オフィスキャンプを運営する坂本大祐さんも「誰もが同じレイヤーに属すのではなく、違うレイヤー同士が微妙に重なって動くことが大事」と考えている。デザインを通した展開と、本を通して何かを考えていく活動。それぞれが互いをリスペクトしながら、程よい距離を保ちつつ活動を進めているのだ。
そういえば東吉野村での取材中、「今、ここでできることがあるから、この村にいる」という声を、何度も聞いた。

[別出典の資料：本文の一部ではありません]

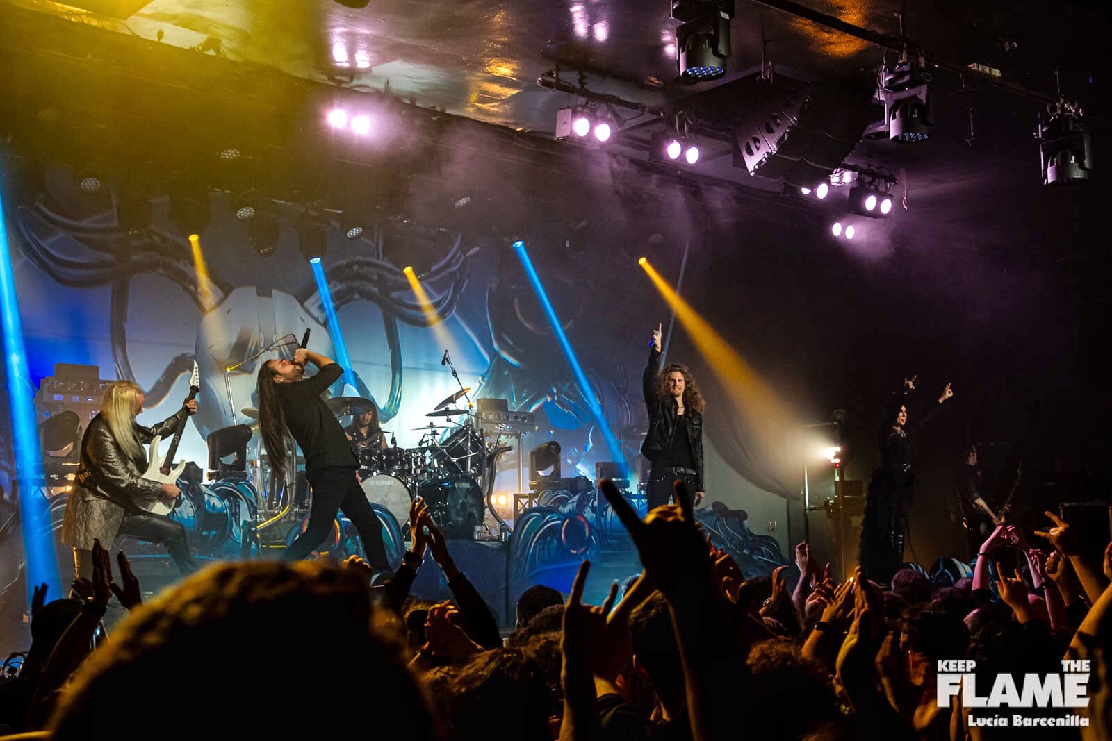 Es cierto que casi todas las canciones de Amaranthe son muy similares, cortitas y al pie. Lo que tiene que duren poco más de tres minutos es que caben muchas en un show de hora y diez, y si no te gusta una, pues se acaba pronto. Eso me pasó con "Boom!1", y "Re-vision", que no me aportan nada. Sí me gustó "Maximize", "Crystalline", que es un baladón, "Strong", con Nils haciendo la parte que grabó Noora Louhimo y el clásico "The Nexus". Salvo "Damnation flame", diría que las canciones del nuevo álbum pasaron algo desapercibidas, a parte de las comentadas optaron por "Interference" y la propia "The catalyst". El único momento en el que hubo un teclado en el escenario fue para el gran clásico "Amaranthine", en el que Olof al piano y Elize harían la primera parte del tema, destrozándola, dicho sea de paso, tocando muy despacio y cantando como a tirones.

———菅野くんや青木くんが「面白いから住んでる」って言いますけれど、僕もそうありたいと思いますね。ここでできることがあるからいる、出て行きたくなったら出ていいんだよ、と自分にも言い聞かせているんです。出て行くつもりはないけど、一生いるっていうスタンスでもないので。(写真家、西岡潔さん)

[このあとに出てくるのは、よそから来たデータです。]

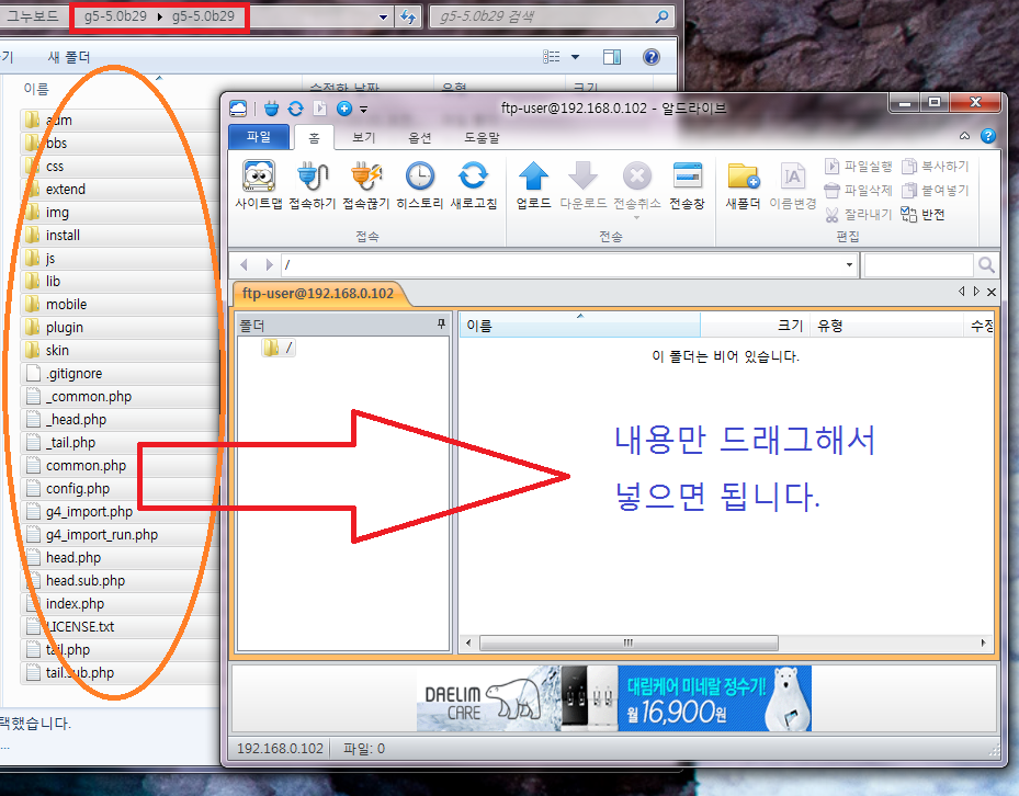 위와 같이 폴더의 내용만 드래그해서 FTP 폴더로 넘기면 됩니다.

東吉野村の新住民たちは、等身大のリアルを大切にするひとが多い。自分のスタンスを築きつつ周囲と手をたずさえる、青木さんのことばを借りれば「自分の取扱説明書をつくり、社会とすり合わせながら」無理のないバランスをとっている。それは、オフィスキャンプやルチャ・リブロ、それにいろり会といった「場」の存在が大きいのではないだろうか。
思いや考えを語り合える「場」があるから、多層的なレイヤーが作用する。それが東吉野村の可能性を広げている気がするのだ。